» WHAT NEEDS TO BE DONE: Transcribe the listing in full, word for word; pictures do not belong in the copy.

» DATASET CONTENT:

——

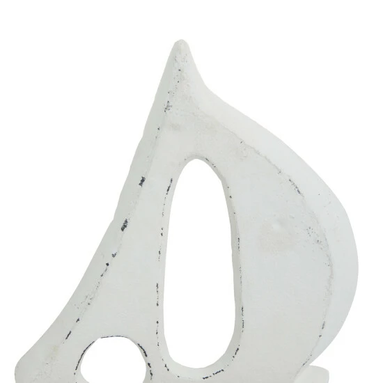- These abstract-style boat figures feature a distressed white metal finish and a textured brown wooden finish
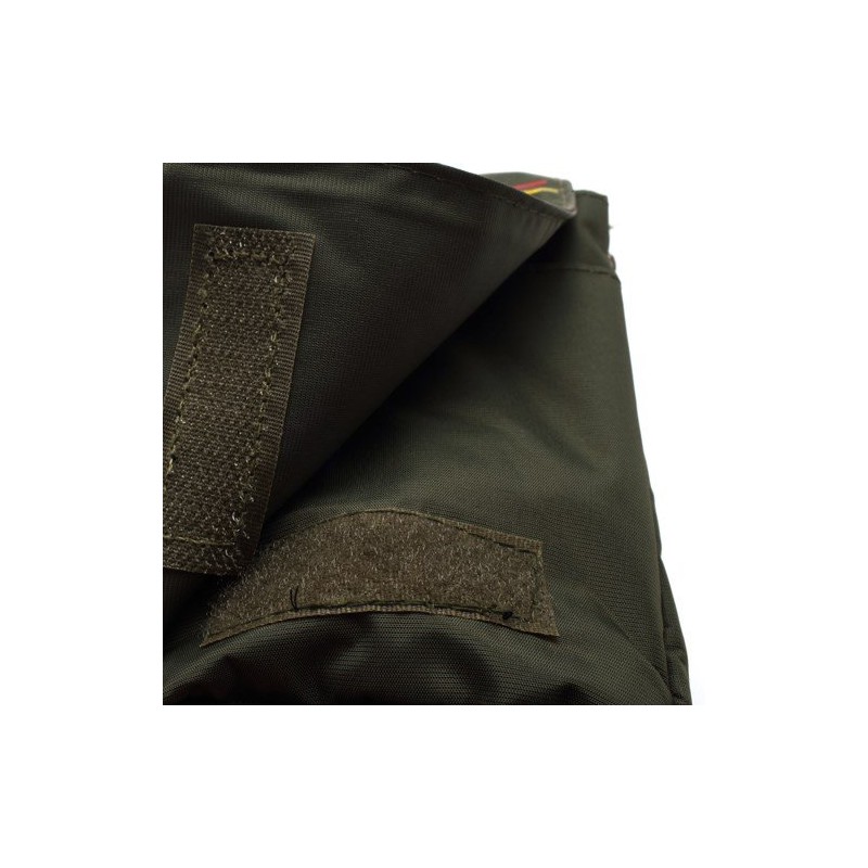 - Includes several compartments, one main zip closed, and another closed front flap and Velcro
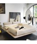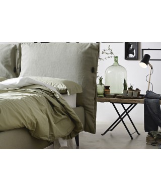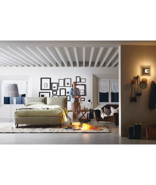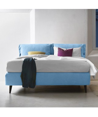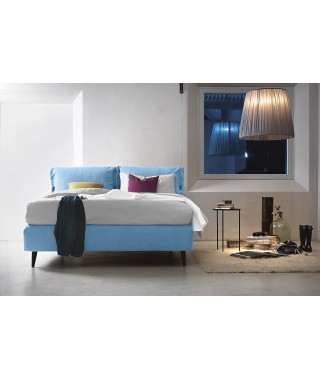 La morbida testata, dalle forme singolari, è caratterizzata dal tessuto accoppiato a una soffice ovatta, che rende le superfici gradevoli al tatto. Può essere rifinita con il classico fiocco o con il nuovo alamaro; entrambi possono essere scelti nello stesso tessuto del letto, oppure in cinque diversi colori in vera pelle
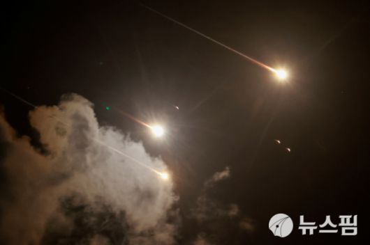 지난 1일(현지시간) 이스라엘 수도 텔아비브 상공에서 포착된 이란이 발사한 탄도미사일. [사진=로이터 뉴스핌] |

——

» RESULT OF THE EXERCISE:
- These abstract-style boat figures feature a distressed white metal finish and a textured brown wooden finish
 - Includes several compartments, one main zip closed, and another closed front flap and Velcro
 La morbida testata, dalle forme singolari, è caratterizzata dal tessuto accoppiato a una soffice ovatta, che rende le superfici gradevoli al tatto. Può essere rifinita con il classico fiocco o con il nuovo alamaro; entrambi possono essere scelti nello stesso tessuto del letto, oppure in cinque diversi colori in vera pelle
 지난 1일(현지시간) 이스라엘 수도 텔아비브 상공에서 포착된 이란이 발사한 탄도미사일. [사진=로이터 뉴스핌] |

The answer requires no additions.